Whether you like it or not, your organization is not immune from the kind of scrutiny concerning organizational expenses that Wounded Warrior Project was slammed with in 2016. Here’s the key question organization leaders have to ask themselves, according to Lou Mezzina, retired partner at KPMG LLP: If that scrutiny comes, are you ready for it? During the session, “Expense Allocations and the New ASU” at the American Institute of Certified Public Accountants (AICPA) Not-For-Profit Conference in National Harbor, Md., Mezzina discussed “the overhead myth” and the need to properly document organization expenses. Mezzina opined that, given the differing complexity and level of staffing and working necessary to achieve missions from organization to organization, expense ratios are given too much focus. The problem with pivoting too far from organization expenses, he said, is that it hurts fundraisers who depend on being able to tell donors that “90 percent of contributions go to mission.”
With that all in mind, Mezzina recommends being both cognizant of a general public preference for programmatic spending over fundraising and general spending and to be prepared to support organizational expense allocations with proper documentation. The 2016 AICPA Audit Guide states that activities not identifiable with a single program, fundraising activity, or membership development activity — but are indispensable to the existence of the organization — should be categorized as management and general activities. Mezzina likes that definition because it describes the underlying value of management and general expenses.
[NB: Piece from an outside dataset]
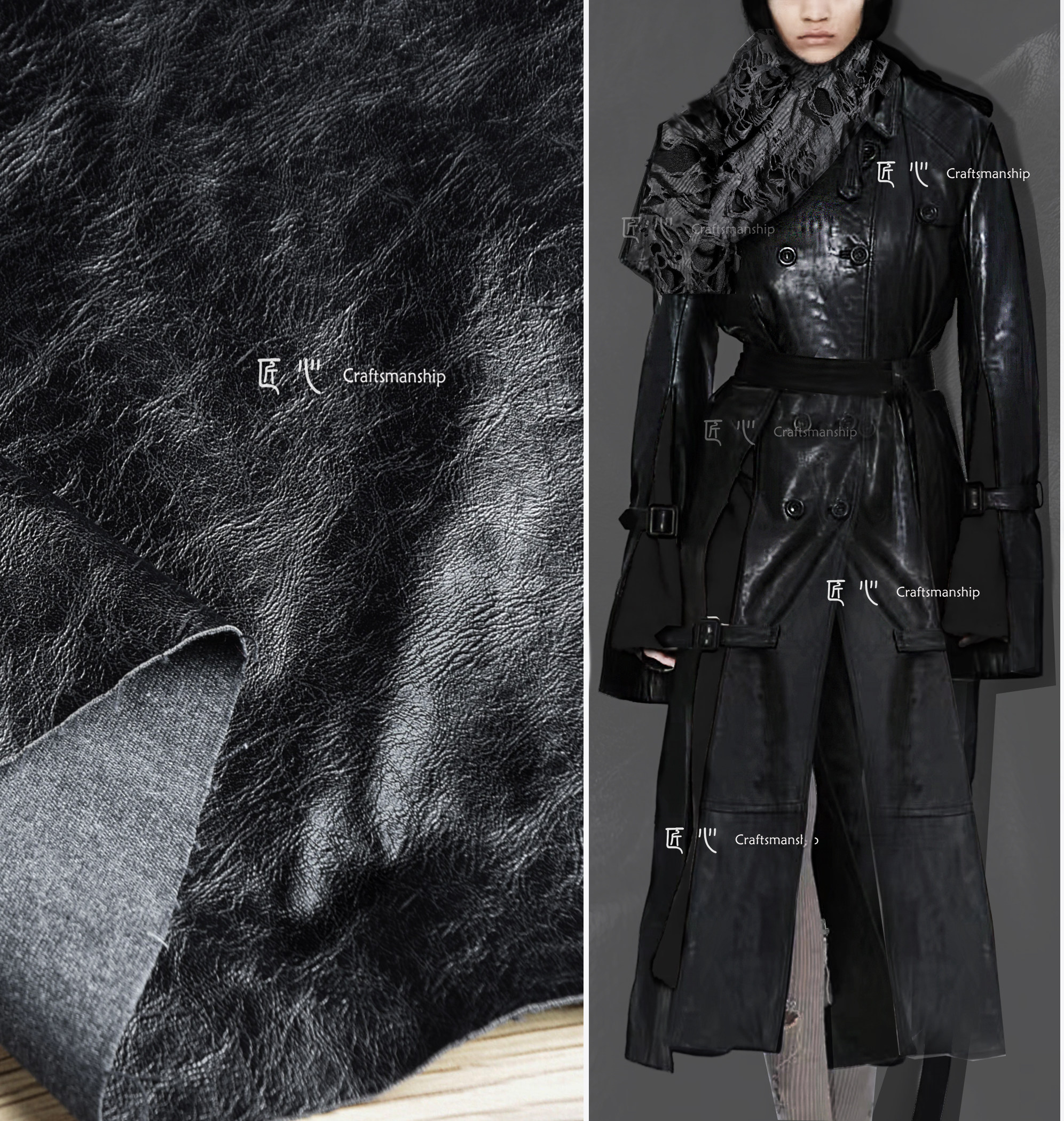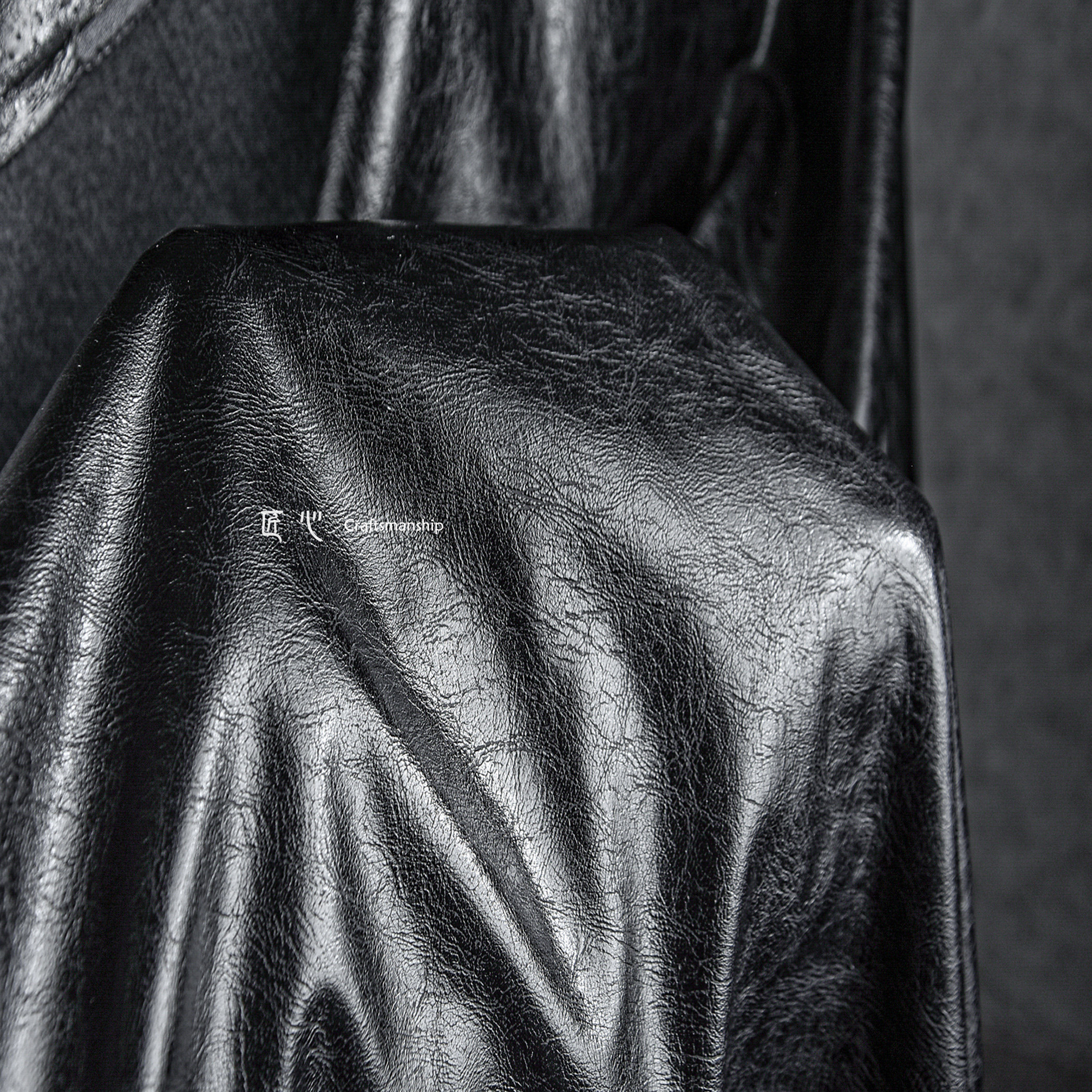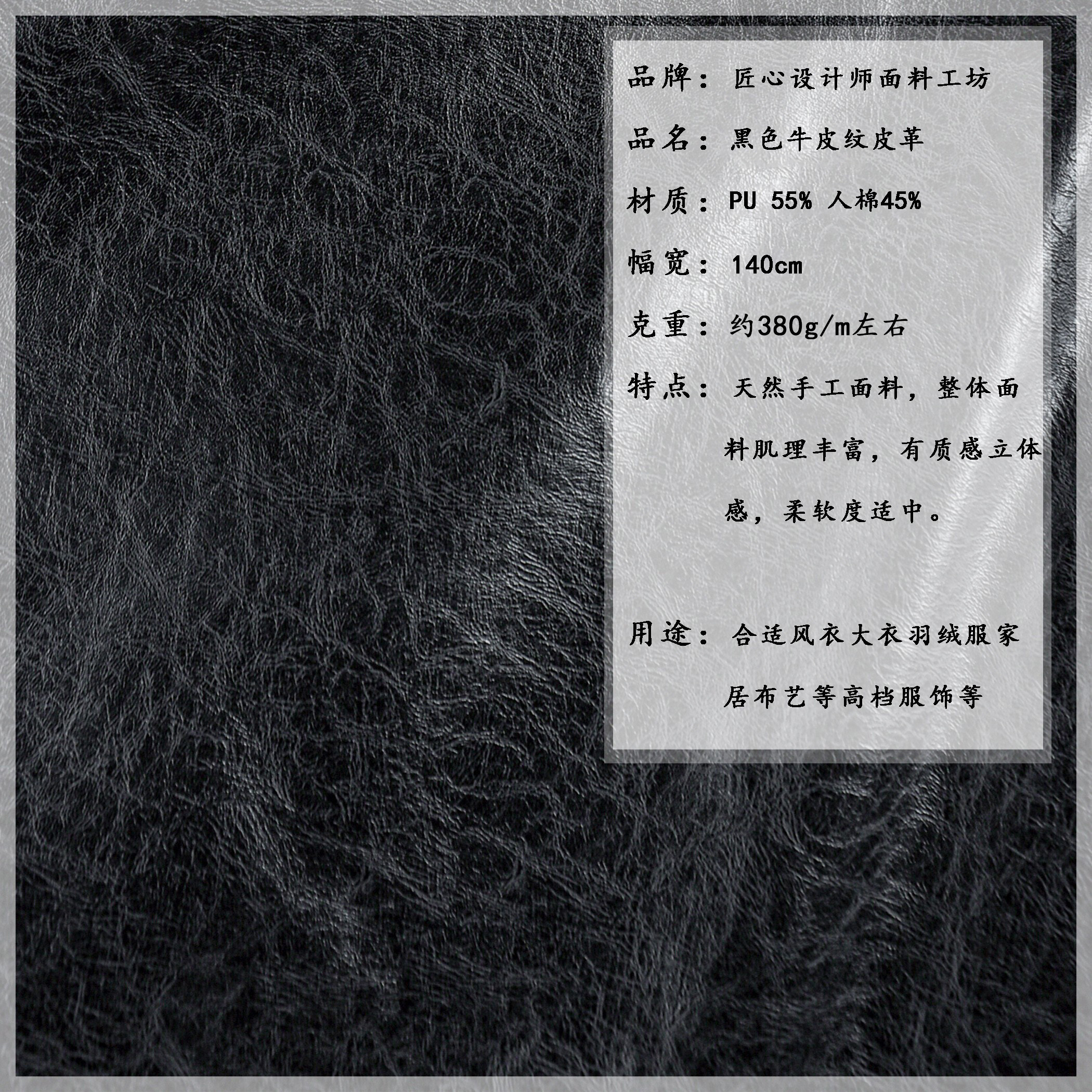 📚 黑色牛皮纹肌理皮革 复古仿真皮创意PU手工diy包服装设计师面料

The most recent Financial Accounting Standards Board (FASB) Accounting Standards Update (ASU) includes payroll on the list of management and general activities as well as human resources, the costs of which are traditionally not allocated to a specific program. “Supervising activities,” often interpreted liberally by organizations, has also become more granular, Mezzina said, recommending that organizations revisit “direct conduct and direct supervision” to ensure compliance.
Multiple example scenarios were discussed during the session. Among the key takeaways from Mezzina was ensuring the documentation and accuracy of information. For instance, if an expense is attributable to multiple programs, make sure that there is a reasonable basis to allocate the expense one way as opposed to another and refine as better information becomes available. Similarly, Mezzina referred to a client where when it came to where to allocate employee time and effort – staff estimate time spent on various tasks on a quarterly basis. There is a bias with such practices, he said, as staff know that program work sounds better than fundraising or management – so maybe 20 percent programmatic work turns into 30 or 40 percent.
- Additional questions and responses raised during the session included:
- Does an organization 100 percent funded by grants still have management and general expenses? Yes, according to Mezzina. The fact that the expenses are charged to a grant do not change its stripes.
- Where should communications costs go? The answer can vary depending on the work, according to Mezzina. An annual report, for instance can be a general management cost. It is also possible for communications to contribute to program-level and fundraising reporting.
- To what extent should an organization detail every line item? Use your own judgment. If your organization is preparing a 30-line matrix of expenses, stop what you are doing. Mezzina doesn’t see the need for a matrix greater than 10 or 12 lines.